Nothing past the line containing "静岡市Mさん。右、伊カンクリ" belongs in the output. Copy exactly every line of the data below from the first up to and including it.

___ MATERIAL TO PROCESS ___

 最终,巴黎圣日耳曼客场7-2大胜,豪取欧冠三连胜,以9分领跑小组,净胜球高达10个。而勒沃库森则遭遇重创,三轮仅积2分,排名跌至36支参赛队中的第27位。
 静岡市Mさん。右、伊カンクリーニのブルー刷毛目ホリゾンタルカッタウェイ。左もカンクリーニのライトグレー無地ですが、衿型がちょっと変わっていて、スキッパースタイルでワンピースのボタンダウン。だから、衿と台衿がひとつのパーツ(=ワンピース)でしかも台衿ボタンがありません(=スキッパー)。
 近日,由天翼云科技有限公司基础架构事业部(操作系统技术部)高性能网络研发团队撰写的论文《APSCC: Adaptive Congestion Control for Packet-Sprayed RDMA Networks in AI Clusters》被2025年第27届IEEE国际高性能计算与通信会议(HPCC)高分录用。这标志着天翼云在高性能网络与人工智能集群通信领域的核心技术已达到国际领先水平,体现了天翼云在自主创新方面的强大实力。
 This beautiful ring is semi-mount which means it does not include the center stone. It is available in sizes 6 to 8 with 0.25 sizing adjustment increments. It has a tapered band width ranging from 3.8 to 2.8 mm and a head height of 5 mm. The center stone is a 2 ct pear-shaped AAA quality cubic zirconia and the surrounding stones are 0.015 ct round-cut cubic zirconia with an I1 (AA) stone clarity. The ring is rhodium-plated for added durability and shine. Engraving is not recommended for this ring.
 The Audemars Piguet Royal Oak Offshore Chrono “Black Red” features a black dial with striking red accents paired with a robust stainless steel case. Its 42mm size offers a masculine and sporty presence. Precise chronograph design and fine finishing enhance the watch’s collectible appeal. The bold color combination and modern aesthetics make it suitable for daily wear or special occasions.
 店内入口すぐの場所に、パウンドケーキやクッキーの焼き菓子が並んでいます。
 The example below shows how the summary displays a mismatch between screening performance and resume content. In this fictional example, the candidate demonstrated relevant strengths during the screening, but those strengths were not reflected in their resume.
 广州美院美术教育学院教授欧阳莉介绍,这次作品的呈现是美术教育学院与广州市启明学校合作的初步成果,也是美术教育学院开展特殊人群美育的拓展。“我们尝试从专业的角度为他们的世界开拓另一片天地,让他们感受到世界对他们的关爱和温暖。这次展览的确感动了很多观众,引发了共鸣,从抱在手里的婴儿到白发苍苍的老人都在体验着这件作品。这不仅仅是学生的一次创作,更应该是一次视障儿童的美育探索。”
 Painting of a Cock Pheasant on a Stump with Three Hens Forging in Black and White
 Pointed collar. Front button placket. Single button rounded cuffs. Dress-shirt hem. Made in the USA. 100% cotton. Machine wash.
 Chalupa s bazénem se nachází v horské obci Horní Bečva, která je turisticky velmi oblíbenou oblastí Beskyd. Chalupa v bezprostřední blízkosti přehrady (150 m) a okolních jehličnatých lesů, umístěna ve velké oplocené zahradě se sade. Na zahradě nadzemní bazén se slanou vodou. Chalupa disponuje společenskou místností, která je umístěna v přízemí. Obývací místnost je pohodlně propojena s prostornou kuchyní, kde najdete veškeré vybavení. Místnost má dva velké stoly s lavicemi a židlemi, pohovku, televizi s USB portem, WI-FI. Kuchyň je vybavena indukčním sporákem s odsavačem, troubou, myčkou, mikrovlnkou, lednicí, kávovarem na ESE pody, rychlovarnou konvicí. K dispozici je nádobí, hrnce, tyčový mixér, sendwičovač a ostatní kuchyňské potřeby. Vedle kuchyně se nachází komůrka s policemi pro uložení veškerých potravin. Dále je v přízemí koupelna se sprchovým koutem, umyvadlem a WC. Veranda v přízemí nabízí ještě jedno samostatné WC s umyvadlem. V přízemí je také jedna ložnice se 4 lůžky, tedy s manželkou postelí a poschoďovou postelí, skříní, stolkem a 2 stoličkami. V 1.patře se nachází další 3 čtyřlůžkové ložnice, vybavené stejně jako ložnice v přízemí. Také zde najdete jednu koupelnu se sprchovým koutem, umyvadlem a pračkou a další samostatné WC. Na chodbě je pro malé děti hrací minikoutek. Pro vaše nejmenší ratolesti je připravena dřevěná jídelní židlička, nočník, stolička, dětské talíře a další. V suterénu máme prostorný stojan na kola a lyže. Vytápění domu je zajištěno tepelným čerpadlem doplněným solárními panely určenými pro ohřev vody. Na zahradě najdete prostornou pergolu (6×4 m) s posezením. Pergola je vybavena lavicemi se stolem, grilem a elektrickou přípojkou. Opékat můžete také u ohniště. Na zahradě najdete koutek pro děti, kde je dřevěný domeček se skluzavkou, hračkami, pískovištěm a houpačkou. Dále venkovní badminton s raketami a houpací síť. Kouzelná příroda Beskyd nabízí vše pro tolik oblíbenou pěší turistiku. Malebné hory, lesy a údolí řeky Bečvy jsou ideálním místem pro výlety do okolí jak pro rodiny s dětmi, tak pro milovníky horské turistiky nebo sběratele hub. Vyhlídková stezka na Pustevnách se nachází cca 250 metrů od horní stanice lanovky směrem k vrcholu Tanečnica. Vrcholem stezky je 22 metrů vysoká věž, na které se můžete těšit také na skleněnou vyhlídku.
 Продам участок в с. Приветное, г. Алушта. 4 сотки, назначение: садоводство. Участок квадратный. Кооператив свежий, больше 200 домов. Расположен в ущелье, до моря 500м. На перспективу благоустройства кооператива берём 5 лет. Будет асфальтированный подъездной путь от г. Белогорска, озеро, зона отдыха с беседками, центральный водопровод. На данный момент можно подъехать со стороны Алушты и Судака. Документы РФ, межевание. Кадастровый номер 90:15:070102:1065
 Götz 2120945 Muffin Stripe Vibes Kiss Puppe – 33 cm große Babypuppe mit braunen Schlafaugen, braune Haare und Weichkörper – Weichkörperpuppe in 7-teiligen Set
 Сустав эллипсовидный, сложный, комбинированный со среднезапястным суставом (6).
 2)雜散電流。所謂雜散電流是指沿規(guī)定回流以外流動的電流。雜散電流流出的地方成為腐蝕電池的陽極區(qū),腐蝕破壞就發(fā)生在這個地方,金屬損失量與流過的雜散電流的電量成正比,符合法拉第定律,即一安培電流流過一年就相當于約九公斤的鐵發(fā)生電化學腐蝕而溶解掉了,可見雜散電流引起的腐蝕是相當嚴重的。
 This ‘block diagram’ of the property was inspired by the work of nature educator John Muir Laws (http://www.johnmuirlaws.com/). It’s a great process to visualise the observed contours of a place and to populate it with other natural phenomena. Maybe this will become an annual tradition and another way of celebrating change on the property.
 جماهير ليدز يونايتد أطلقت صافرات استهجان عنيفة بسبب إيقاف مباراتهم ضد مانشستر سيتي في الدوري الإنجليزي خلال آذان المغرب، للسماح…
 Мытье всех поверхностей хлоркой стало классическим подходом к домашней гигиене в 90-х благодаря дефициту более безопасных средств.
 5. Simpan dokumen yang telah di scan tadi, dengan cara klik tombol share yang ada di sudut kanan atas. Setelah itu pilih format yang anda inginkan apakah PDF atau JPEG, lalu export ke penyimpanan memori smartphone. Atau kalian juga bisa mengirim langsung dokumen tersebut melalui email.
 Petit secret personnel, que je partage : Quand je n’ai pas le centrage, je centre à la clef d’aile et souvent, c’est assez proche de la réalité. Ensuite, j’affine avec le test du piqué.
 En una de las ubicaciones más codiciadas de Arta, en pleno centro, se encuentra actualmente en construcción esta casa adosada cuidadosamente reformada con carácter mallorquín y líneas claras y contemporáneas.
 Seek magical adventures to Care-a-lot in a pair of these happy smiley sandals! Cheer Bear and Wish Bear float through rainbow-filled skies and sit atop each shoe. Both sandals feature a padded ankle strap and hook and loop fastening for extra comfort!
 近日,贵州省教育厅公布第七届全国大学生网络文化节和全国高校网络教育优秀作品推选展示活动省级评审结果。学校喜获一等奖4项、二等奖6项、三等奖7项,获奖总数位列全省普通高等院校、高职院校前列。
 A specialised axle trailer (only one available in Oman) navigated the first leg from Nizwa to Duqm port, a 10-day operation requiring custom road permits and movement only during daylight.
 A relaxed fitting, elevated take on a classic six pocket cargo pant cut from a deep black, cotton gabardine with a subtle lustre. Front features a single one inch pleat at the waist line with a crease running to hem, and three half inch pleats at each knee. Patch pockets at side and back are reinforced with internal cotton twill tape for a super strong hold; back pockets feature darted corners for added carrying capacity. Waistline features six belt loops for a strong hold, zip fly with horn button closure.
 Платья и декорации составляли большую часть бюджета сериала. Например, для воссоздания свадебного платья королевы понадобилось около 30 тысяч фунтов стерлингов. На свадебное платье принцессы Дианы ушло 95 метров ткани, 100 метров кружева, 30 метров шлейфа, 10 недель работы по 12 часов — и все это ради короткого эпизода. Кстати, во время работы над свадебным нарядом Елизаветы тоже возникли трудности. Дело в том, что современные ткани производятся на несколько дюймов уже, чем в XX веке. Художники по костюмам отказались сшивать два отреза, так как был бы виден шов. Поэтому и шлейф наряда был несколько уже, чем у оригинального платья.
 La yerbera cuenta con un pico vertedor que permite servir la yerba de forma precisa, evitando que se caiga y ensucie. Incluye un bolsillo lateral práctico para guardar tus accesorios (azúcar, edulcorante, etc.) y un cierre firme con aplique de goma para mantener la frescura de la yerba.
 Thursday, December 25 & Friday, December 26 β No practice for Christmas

___

- WRITTEN RESPONSE
 最终,巴黎圣日耳曼客场7-2大胜,豪取欧冠三连胜,以9分领跑小组,净胜球高达10个。而勒沃库森则遭遇重创,三轮仅积2分,排名跌至36支参赛队中的第27位。
 静岡市Mさん。右、伊カンクリーニのブルー刷毛目ホリゾンタルカッタウェイ。左もカンクリーニのライトグレー無地ですが、衿型がちょっと変わっていて、スキッパースタイルでワンピースのボタンダウン。だから、衿と台衿がひとつのパーツ(=ワンピース)でしかも台衿ボタンがありません(=スキッパー)。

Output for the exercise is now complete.